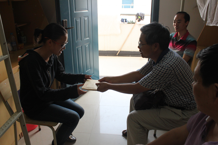 询问到家庭状况,冯升燃低下头轻轻地说到,家中的主要收入是妈妈辛苦卖鱼所得,但这也仅能勉强糊口,家中的积蓄已经到了连学费都付不起的地步。说道这儿,冯升燃用感激地眼神看着刘院长,虽然家里付不起,但是多亏了社会爱心人士和学校的帮助,学费这一问题很快就得到了解决。她表示,大恩不言谢,她以后一定会不辜负学校和社会的期望,用切实的行动来报答学校与社会。听完冯升燃的话,刘院长赞许地地点了点头,并鼓励她在大学中要继续努力,好好学习,有困难就向他们反映。话毕,院长拿出一个鼓鼓囊囊的信封,递予冯升燃。冯升燃立马从座位上站了起来,恭敬地双手接下,不停地说着谢谢。刘成梅说,这是对冯升燃的鼓励与帮助,希望她能有一个精彩的大学生活。
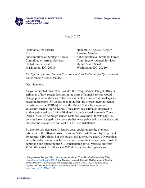 【Congressional Budget Office】【20250505】Effects of Lower Launch Costs on Previous Estimates for Space-Based, Boost-Phase Missile Defense-7页
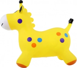 Wesoła żółta żyrafa z kolorowymi kropkami zachęca do ruchu i zamienia każde skakanie w radosną zabawę.
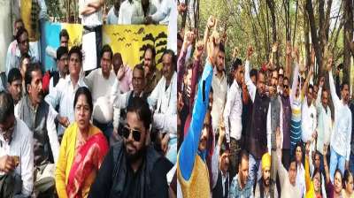 मान्यता नियमों में बदलाव की मांग को लेकर प्रदर्शन पर बैठे स्कूल संचाल, बीजेपी कार्यालय के सामने धरना
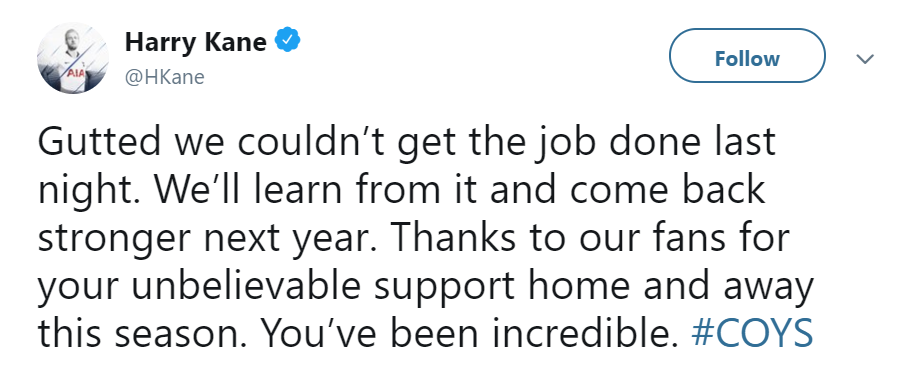 大赢家6月2日讯 2018/19欧冠决赛,热刺0-2不敌利物浦,错失欧冠冠军。赛后,凯恩发推感谢了一个赛季以来球迷们对球队的支持。
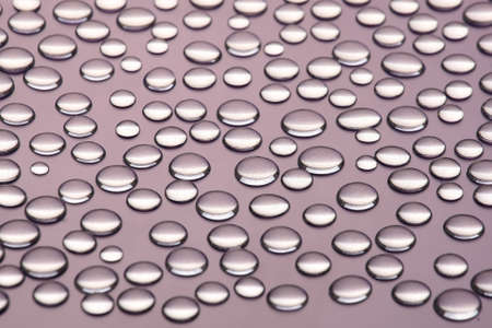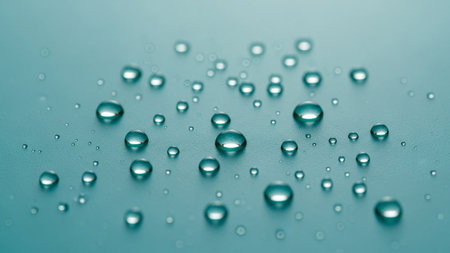 Macro view of many small water droplets scattered across a textured surface with a soft blue-green gradient background.

**What the exercise asks**
Reproduce every entry exactly, but omit each picture.

**Exercise answer**
 询问到家庭状况,冯升燃低下头轻轻地说到,家中的主要收入是妈妈辛苦卖鱼所得,但这也仅能勉强糊口,家中的积蓄已经到了连学费都付不起的地步。说道这儿,冯升燃用感激地眼神看着刘院长,虽然家里付不起,但是多亏了社会爱心人士和学校的帮助,学费这一问题很快就得到了解决。她表示,大恩不言谢,她以后一定会不辜负学校和社会的期望,用切实的行动来报答学校与社会。听完冯升燃的话,刘院长赞许地地点了点头,并鼓励她在大学中要继续努力,好好学习,有困难就向他们反映。话毕,院长拿出一个鼓鼓囊囊的信封,递予冯升燃。冯升燃立马从座位上站了起来,恭敬地双手接下,不停地说着谢谢。刘成梅说,这是对冯升燃的鼓励与帮助,希望她能有一个精彩的大学生活。
 【Congressional Budget Office】【20250505】Effects of Lower Launch Costs on Previous Estimates for Space-Based, Boost-Phase Missile Defense-7页
 Wesoła żółta żyrafa z kolorowymi kropkami zachęca do ruchu i zamienia każde skakanie w radosną zabawę.
 मान्यता नियमों में बदलाव की मांग को लेकर प्रदर्शन पर बैठे स्कूल संचाल, बीजेपी कार्यालय के सामने धरना
 大赢家6月2日讯 2018/19欧冠决赛,热刺0-2不敌利物浦,错失欧冠冠军。赛后,凯恩发推感谢了一个赛季以来球迷们对球队的支持。
 Macro view of many small water droplets scattered across a textured surface with a soft blue-green gradient background.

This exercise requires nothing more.